The sociological impact of the Dunning-Kruger is often understated and hidden under the expectation of social lubrication, but this breaks down during human-LLM communication. Humans and LLMs occupy different ends of domain expertise: Humans can understand the world, society and other humans better, but LLMs have access to nearly all the world's knowledge. One may imagine alignment as making AI more kind, more helpful and other qualities that make it more anthropomorphic, but the conditions for this to occur may be more difficult than expected, because it is rooted in a communication "tax" that happens during a conversation.

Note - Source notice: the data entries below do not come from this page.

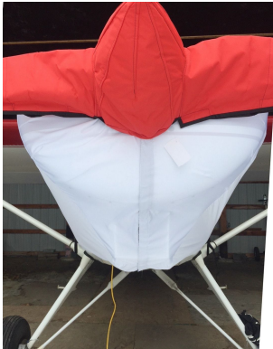
Bearhawk Engine Cover (test fit), Insulated Prop Cover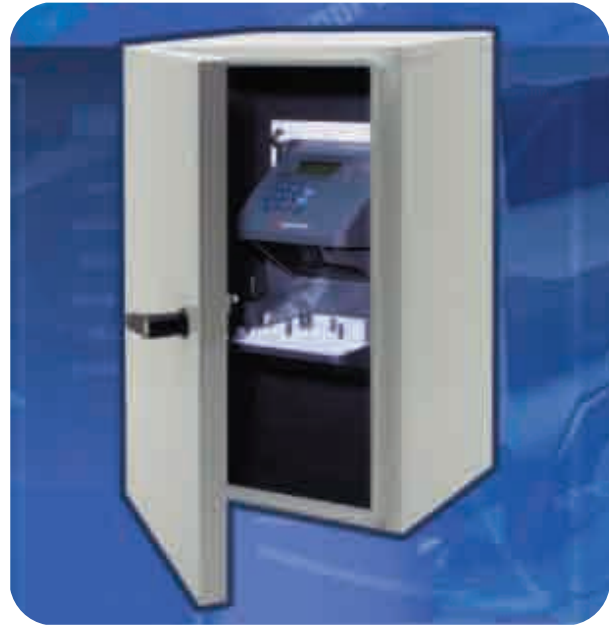
Tsunami Water Tight Enclosure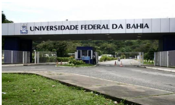
UFBA's main gate

Address: Rua Barão de Jeremoabo, s/n, Ondina , 40170-115 , Salvador – Bahia – Brazil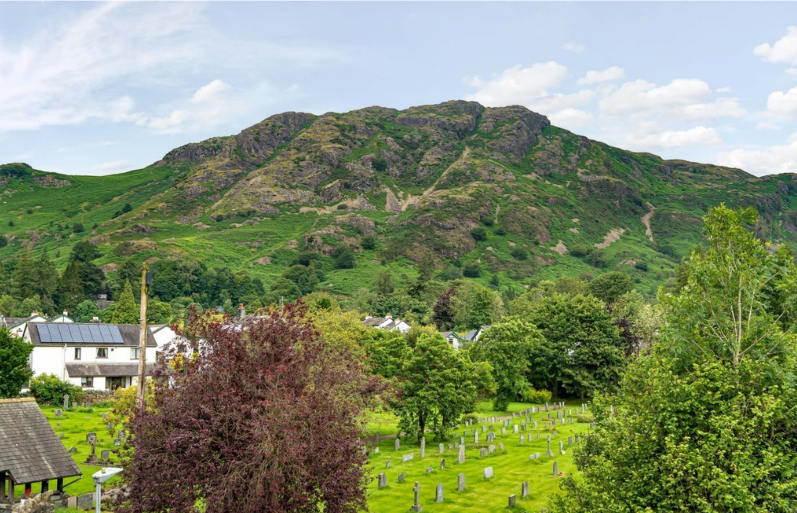
Coniston Fell View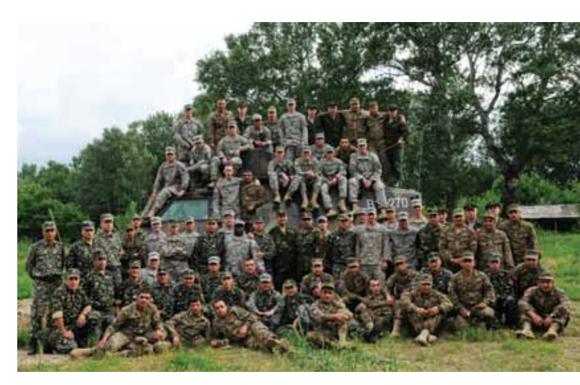
American, Armenian, Belarusian and Macedonian soldiers pose for a group photo at Camp Strella, Krivolak TrainingArea.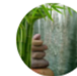
mermaid1212 Boston, Massachusetts 3 1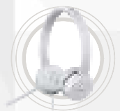
Lenovo 110 USB Stereo Headset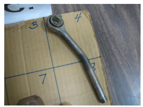
2nd(tied) - Syd Birch Wrench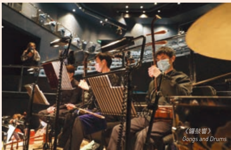
《鑼鼓響》 Gongs and Drums

學員畢業後可受僱於香港不同的粵劇團體，亦可自組粵劇團或以自由工作者身分擔任演員、伴奏樂師、粵劇/粵曲導師、編劇、評論、研究員或參與不同的創意專業。政府會堂及文娛中心亦常聘用對粵劇有認識的行政及管理人員。畢業生亦可從事粵劇教育及推廣工作。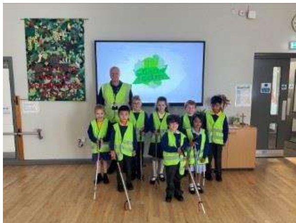
2 - Green Team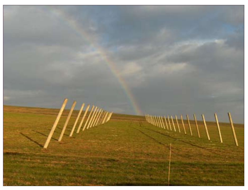
Planning before planting is the key to success!

http://egov.oregon.gov/ODA/PLANT/docs/pdf/quar_grape.pdf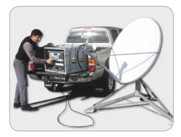
Using the provided electronics rack and antenna system, you can start transmitting your program over satellite from anywhere in the world in less than 30 minutes!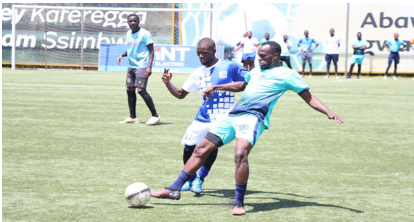
Inset: A game ongoing during the tournament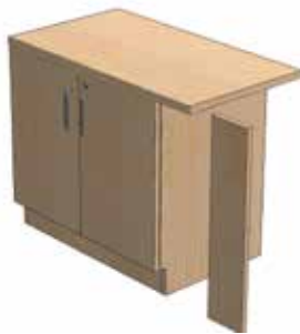
BASE STORAGE SIDE FILLER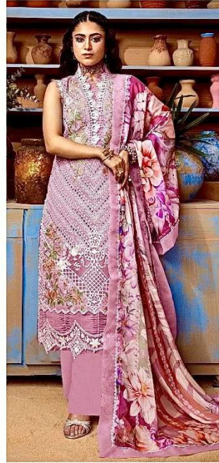
7773 D.No:-463 C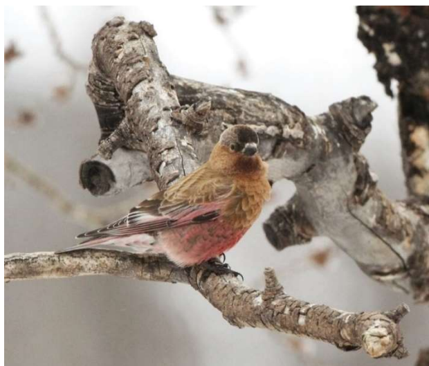
Brown-capped Rosy-Finch

In the morning we will explore the red rock canyonlands of Colorado National Monument searching for Pinyon Jays, Juniper Titmouse and Black-throated Sparrows among the junipers and pinyon pines of this beautiful, stark landscape.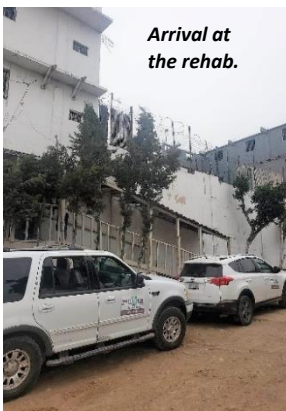
Arrival at the rehab.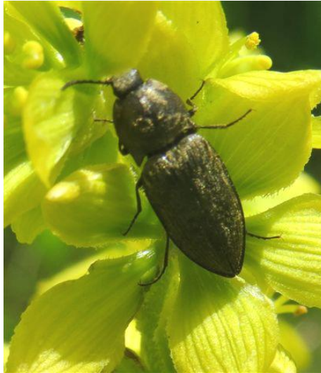
Prosternon tessellatum (Elateridae)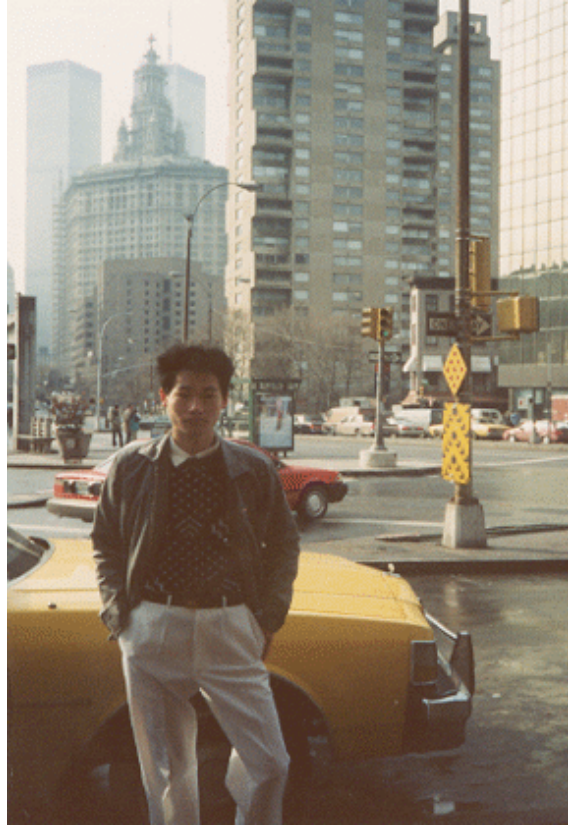
New York City. I spoke no English when I came to America.

The simplest case of humans consulting LLMs similar to searching Google in an area they are unfamiliar with results in a situation where the LLM has more domain knowledge than a human. In this case, the human would typically expect the LLM to "dumb down" the topic, either implicitly or after requests, so the human would understand. This "dumbing down" is a tax the LLM pays, in terms of tokens and electricity, to communicate to someone with lesser domain knowledge.

On the other hand, when the human is the expert and the LLM is responding in the average register it has learned, the tax flips. The human pays it in long preference prompts, in re-prompting, in the mental work of filtering out hedges that shouldn't have been there.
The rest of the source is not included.